Many of Kemeny’s “facts” could be described as outliers; for example, he gives a figure of five kilograms of carbon dioxide per megawatt-hour of nuclear power, yet the 2006 Switkowski Report put the figure 12 times higher. Some of his “facts” are, on closer inspection, circular and self-evident; for example, he seems impressed that every country importing uranium from Australia operates nuclear power reactors. Every last one of them — whoever would’ve thunk it?
Twenty-five years ago, Kemeny had already published dozens and dozens of newspaper articles, and they were subjected to critical analysis by Professor Brian Martin, who was then teaching in the science faculty at the Australian National University.
Martin concluded his analysis: “In quite a number of ways, Kemeny in his public advocacy of nuclear power does not fit the image of the objective, trustworthy expert: he addresses only some of the issues and seldom replies to anti-nuclear arguments; he presents large amounts of irrelevant material; he is subject to inaccuracy, and on occasion fails to acknowledge his mistakes; he continually denigrates opponents; he speaks from a position representing a potential conflict of interest; and his expertise is mostly irrelevant to the issues, or of doubtful quality.”
Kemeny threatened to sue and claimed that legal counsel had suggested a five-figure sum for damages. There was no apology and no legal action.
Kemeny sometimes lets fly with a conspiracy theory (it’s much the same conspiracy theory as Ian Plimer’s — two men of the same generation and social cohort). Kemeny writes: “Radical green activism and global terrorism can form dangerous, even deadly, alliances. The ‘coercive utopianism’ of radical greens, their avid desire for media publicity and their hidden socio-political agendas can produce societal outcomes that are sometimes violent and ugly.”
Where he gets such barking-mad ideas from is anyone’s guess. Political demagogue Lyndon LaRouche makes similar comments: “This utterly depraved, dionysian cult-formation found its echoed, more violent expression in late 1980s Germany, where the anti-nuclear, fascist rioting reached near to the level of outright civil war …”
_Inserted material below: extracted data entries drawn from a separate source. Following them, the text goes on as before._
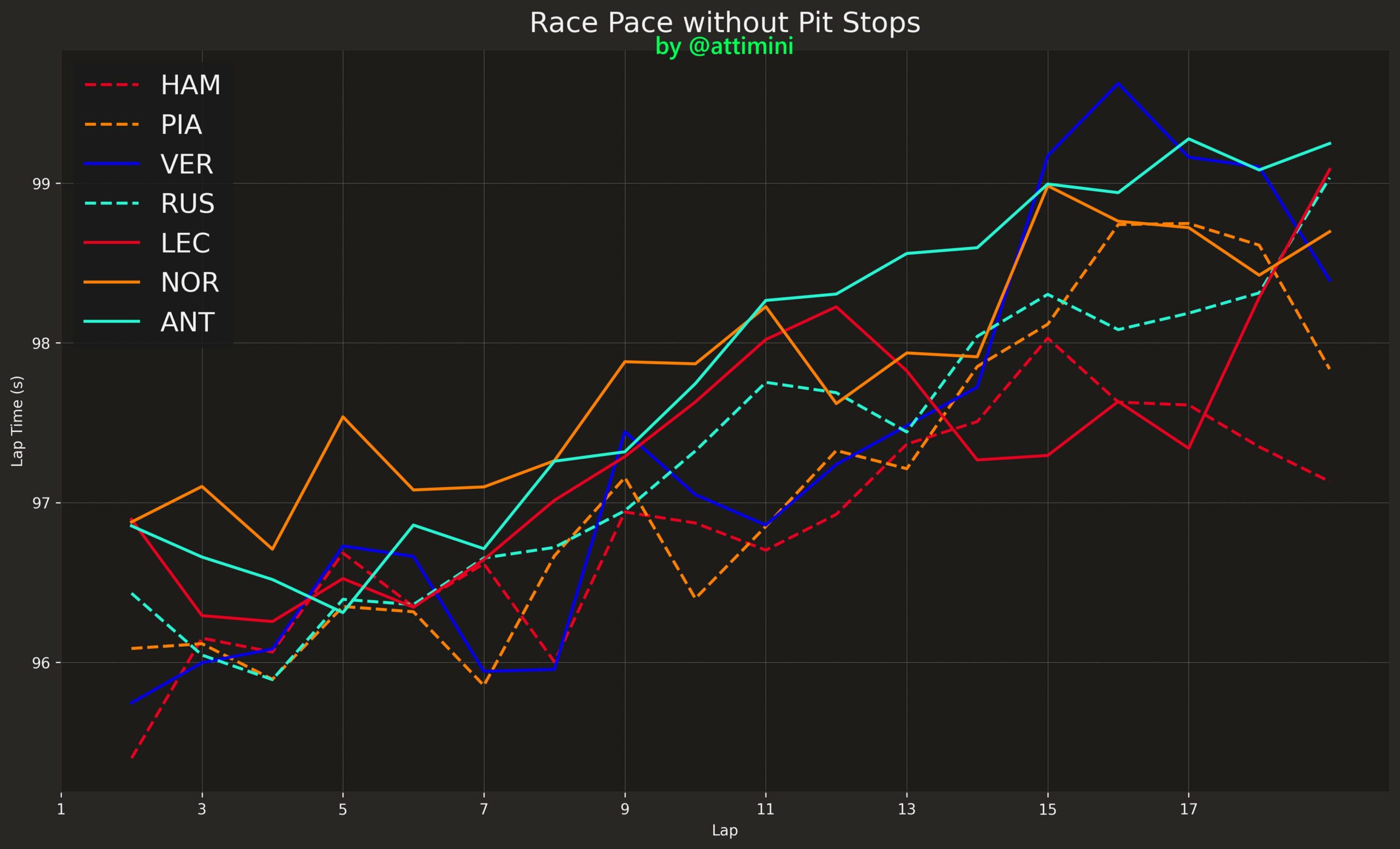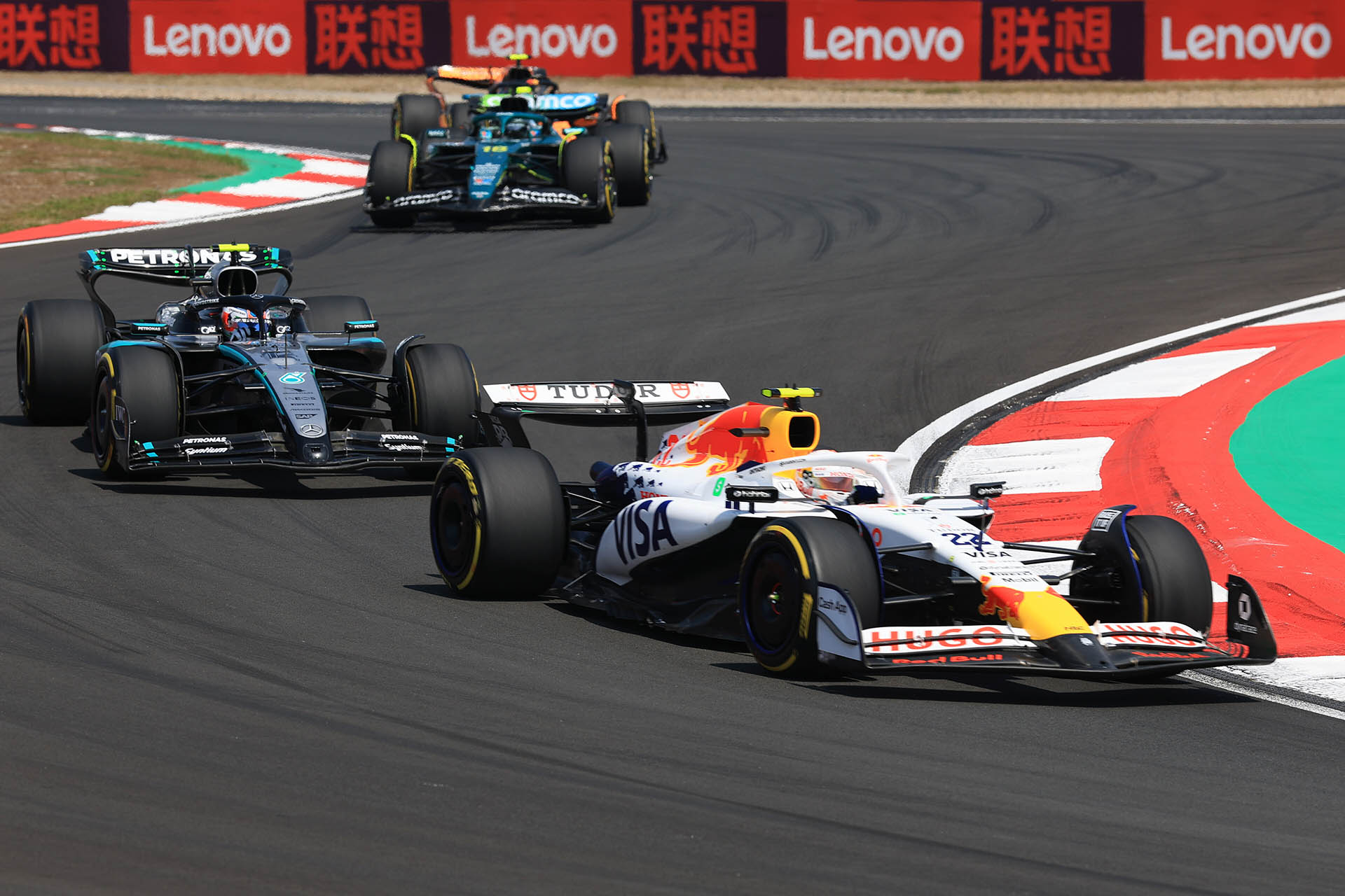 Ο Verstappen πλησίασε σε εμβέλεια DRS, αλλά έφτασε μόνο μέχρι εκεί. Ο Hamilton φρόντισε να απομακρυνθεί σχεδόν άμεσα, σπάζοντας για 2η φορά το DRS έως τον 9ο γύρο. Ο Verstappen, που δεν είχε με τη Red Bull τόσο καλό ρυθμό αναγκαζόταν να πιέζει περισσότερο, ιδίως στις γρήγορες στροφές, με αποτέλεσμα να καταπονήσει περισσότερο τα ελαστικά του. Σε εκείνη τη φάση προσπαθούσε να αποκτήσει το DRS και για να αμυνθεί εναντίον του Oscar Piastri με τη McLaren.
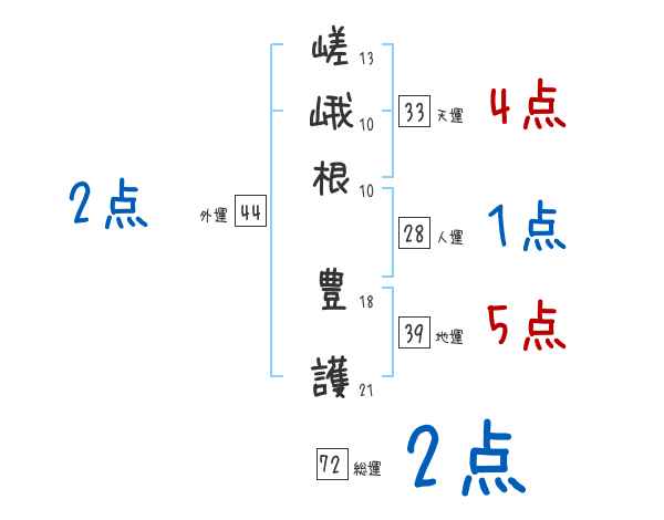 天運![]() | 嵯峨根豊護さんの天運は33画の4つ星!権力志向でプライドが高い。勇気があり運を切り開き成功する。 家系が持つ宿命的な運勢を表します。祖先から受け継いだ苗字ですので自分の力が及びません。家柄を象徴します。 |
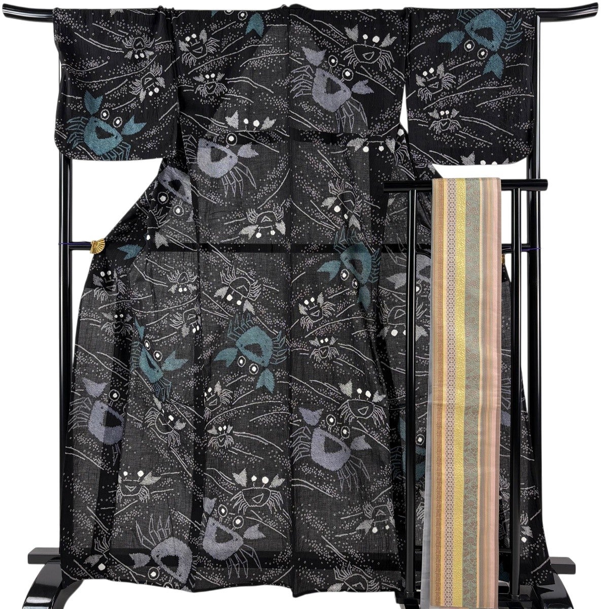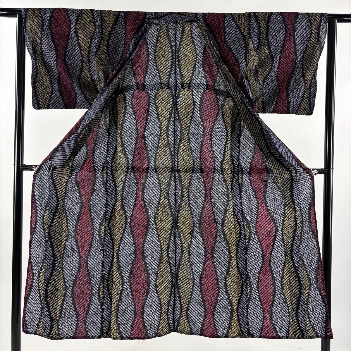 【美品】浴衣 身丈156cm 裄丈64cm M 絞り浴衣 半幅帯セット よろけ縞 紺色 麻 名品
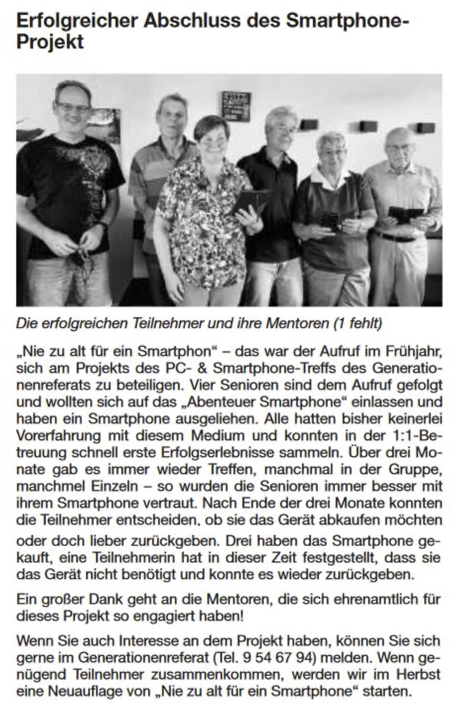 Bis auf eine Teilnehmerin, die vom Sohn ein Smartphone geschenkt bekam, haben alle anderen Teilnehmenden die Möglichkeit genutzt „ihr“ Gerät zum Selbstkostenpreis zu übernehmen. „Jetzt kenne ich das Gerät, warum soll ich ein anderes kaufen und wer richtet es mir dann ein?“

Kemeny believes the anti-nuclear movement is “supported by immense funds from affluent right-wing interests” and that it should be “recognised for what it is — anti-working-class activism aimed at maintaining the last “status quo” for a fortunate minority”.
Again, there are echoes of comments made by LaRouche about the “anti-blue collar, anti-industrial, anti-nuclear power, and green traits of that increasingly influential, ‘white-collar baby-boomer’ portion of the population”.
Which leads to the question — have Kemeny and LaRouche been seen in the same room together? If so, it proves they are in cahoots. If not, they’re likely one and the same person. Now there’s a conspiracy theory!
Clive Hamilton’s comments in Crikey about Ian Plimer also seem apt for Kemeny: “The emergence of the environment and peace movements in the 1970s challenged the benefits of nuclear technology, the power of the military-industrial complex and the claims of science to neutrality and benevolence … The criticism of the hitherto unquestioned place of science and technology destabilised the power and privilege of the scientific elite.”
Hence a cohort of disgruntled, elderly, and sometimes conspiratorial nuclear scientists.